> _Work order_:
What is needed here is an exact repetition of the records below, beginning at the line that has "Pink and Majenta" and stopping after the line that has "Are you looking".

> _Data for analysis_:
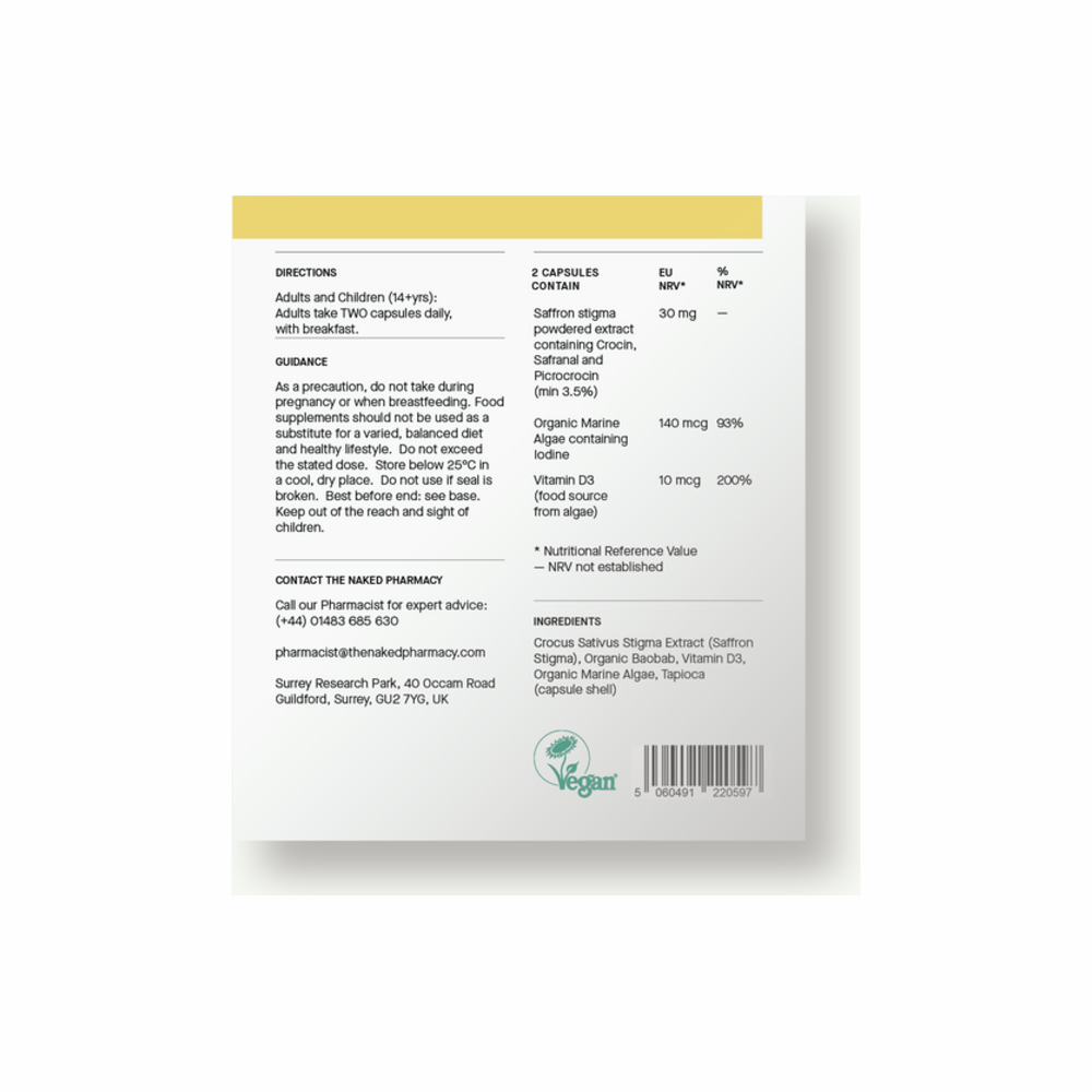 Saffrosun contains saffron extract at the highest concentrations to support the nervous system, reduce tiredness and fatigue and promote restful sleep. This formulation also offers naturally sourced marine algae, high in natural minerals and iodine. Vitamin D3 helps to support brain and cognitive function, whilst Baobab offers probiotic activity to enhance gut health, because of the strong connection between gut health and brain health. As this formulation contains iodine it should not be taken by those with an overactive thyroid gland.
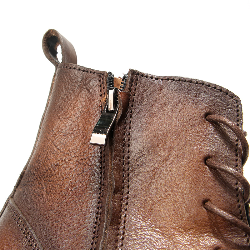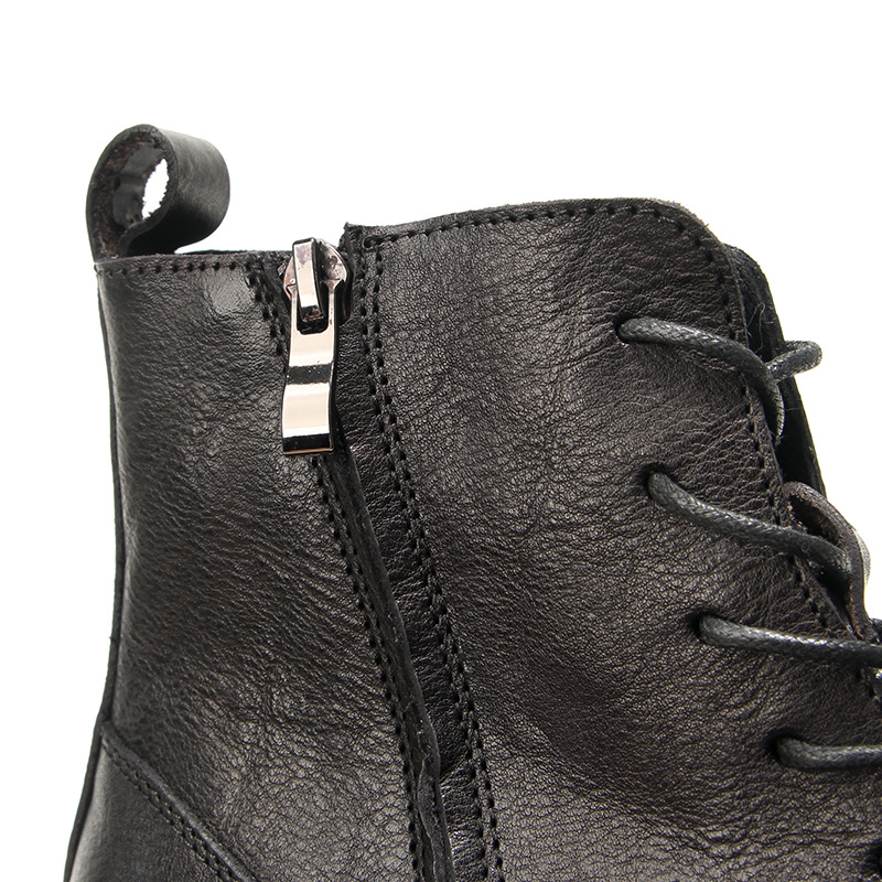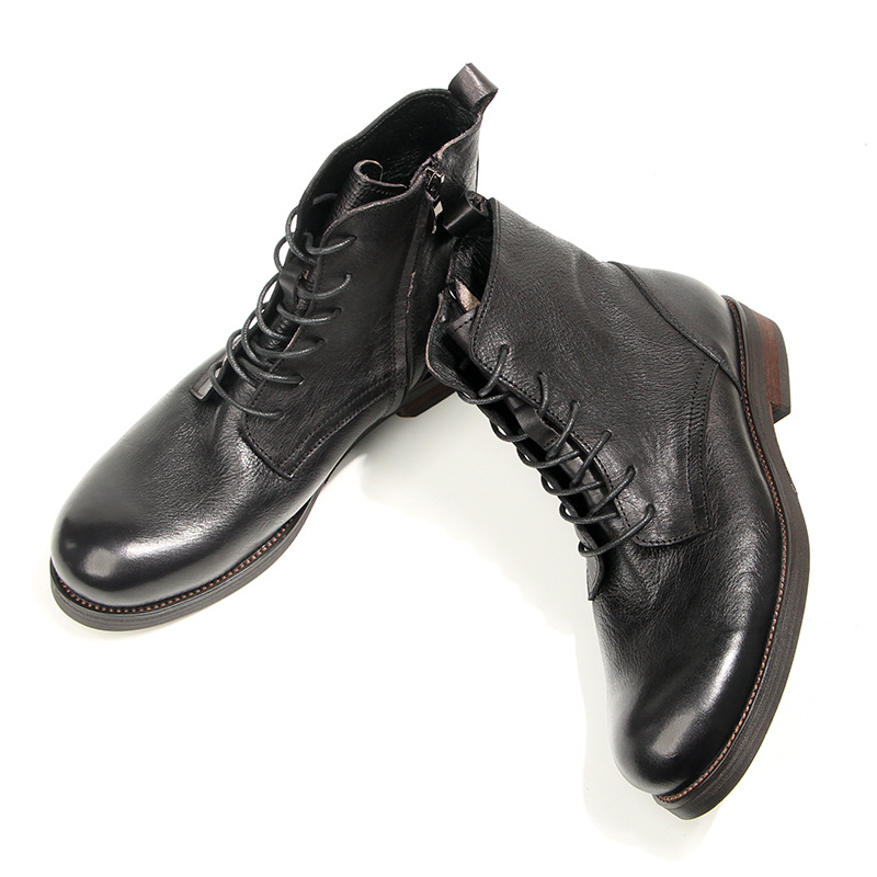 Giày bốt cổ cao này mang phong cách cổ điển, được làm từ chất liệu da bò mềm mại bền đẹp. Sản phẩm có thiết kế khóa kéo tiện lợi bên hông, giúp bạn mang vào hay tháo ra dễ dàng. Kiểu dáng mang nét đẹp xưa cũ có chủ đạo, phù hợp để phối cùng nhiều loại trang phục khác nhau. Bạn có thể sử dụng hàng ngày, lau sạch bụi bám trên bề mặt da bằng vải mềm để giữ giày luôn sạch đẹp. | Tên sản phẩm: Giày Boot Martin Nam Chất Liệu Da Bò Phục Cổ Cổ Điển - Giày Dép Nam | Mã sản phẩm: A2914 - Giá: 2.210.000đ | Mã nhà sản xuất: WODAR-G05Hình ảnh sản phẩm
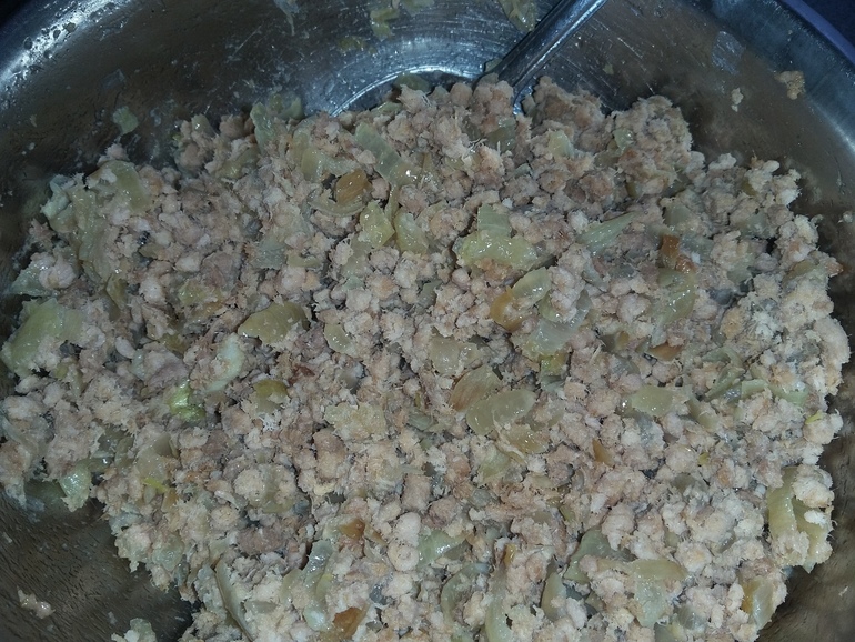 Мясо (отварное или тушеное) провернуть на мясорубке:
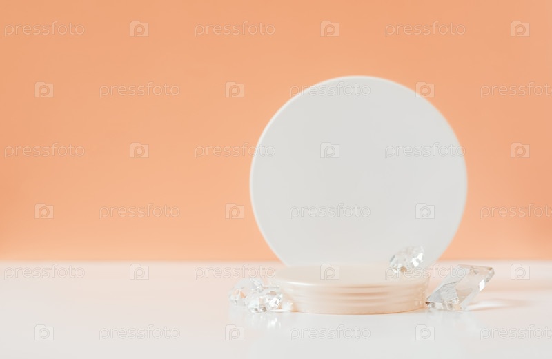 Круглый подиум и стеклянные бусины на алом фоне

* * *

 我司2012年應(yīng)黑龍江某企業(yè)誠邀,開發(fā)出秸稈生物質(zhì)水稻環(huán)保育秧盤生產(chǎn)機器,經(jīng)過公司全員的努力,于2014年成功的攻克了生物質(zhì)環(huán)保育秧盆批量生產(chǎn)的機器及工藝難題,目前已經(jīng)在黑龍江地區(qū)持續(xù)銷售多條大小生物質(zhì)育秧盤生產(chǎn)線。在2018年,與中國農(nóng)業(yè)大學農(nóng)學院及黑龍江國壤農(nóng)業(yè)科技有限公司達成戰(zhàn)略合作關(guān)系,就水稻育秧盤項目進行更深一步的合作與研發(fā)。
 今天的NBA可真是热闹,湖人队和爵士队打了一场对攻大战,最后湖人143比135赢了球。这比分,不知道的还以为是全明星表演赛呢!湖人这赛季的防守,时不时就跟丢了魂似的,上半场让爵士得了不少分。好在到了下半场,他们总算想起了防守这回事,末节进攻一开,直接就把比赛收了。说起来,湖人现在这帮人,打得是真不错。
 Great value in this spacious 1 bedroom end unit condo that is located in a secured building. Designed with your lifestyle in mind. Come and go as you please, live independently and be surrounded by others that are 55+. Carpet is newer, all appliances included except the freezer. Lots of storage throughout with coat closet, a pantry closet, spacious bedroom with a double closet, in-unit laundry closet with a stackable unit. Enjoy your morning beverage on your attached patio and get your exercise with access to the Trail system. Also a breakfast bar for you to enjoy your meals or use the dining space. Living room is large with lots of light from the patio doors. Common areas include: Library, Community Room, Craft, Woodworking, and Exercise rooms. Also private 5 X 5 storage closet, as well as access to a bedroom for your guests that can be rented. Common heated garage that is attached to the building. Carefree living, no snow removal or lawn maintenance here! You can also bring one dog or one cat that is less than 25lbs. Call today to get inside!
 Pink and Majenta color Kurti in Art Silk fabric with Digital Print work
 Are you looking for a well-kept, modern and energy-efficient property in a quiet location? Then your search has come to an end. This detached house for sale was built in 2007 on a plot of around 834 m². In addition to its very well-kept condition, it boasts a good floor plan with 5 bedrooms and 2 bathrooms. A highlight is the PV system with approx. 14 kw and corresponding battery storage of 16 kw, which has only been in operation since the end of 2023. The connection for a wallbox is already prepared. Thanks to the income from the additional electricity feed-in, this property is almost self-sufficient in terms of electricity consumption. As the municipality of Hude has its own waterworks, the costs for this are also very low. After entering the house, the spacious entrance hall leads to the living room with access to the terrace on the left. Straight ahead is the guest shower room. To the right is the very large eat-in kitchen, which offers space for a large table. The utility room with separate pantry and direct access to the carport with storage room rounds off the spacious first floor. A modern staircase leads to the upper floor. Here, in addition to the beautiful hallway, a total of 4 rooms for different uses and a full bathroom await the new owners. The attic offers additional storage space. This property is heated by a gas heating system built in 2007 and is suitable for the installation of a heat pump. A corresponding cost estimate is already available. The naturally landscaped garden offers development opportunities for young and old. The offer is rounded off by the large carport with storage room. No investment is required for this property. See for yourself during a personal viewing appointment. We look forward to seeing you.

> _Output for this exercise_:
 Pink and Majenta color Kurti in Art Silk fabric with Digital Print work
 Are you looking for a well-kept, modern and energy-efficient property in a quiet location? Then your search has come to an end. This detached house for sale was built in 2007 on a plot of around 834 m². In addition to its very well-kept condition, it boasts a good floor plan with 5 bedrooms and 2 bathrooms. A highlight is the PV system with approx. 14 kw and corresponding battery storage of 16 kw, which has only been in operation since the end of 2023. The connection for a wallbox is already prepared. Thanks to the income from the additional electricity feed-in, this property is almost self-sufficient in terms of electricity consumption. As the municipality of Hude has its own waterworks, the costs for this are also very low. After entering the house, the spacious entrance hall leads to the living room with access to the terrace on the left. Straight ahead is the guest shower room. To the right is the very large eat-in kitchen, which offers space for a large table. The utility room with separate pantry and direct access to the carport with storage room rounds off the spacious first floor. A modern staircase leads to the upper floor. Here, in addition to the beautiful hallway, a total of 4 rooms for different uses and a full bathroom await the new owners. The attic offers additional storage space. This property is heated by a gas heating system built in 2007 and is suitable for the installation of a heat pump. A corresponding cost estimate is already available. The naturally landscaped garden offers development opportunities for young and old. The offer is rounded off by the large carport with storage room. No investment is required for this property. See for yourself during a personal viewing appointment. We look forward to seeing you.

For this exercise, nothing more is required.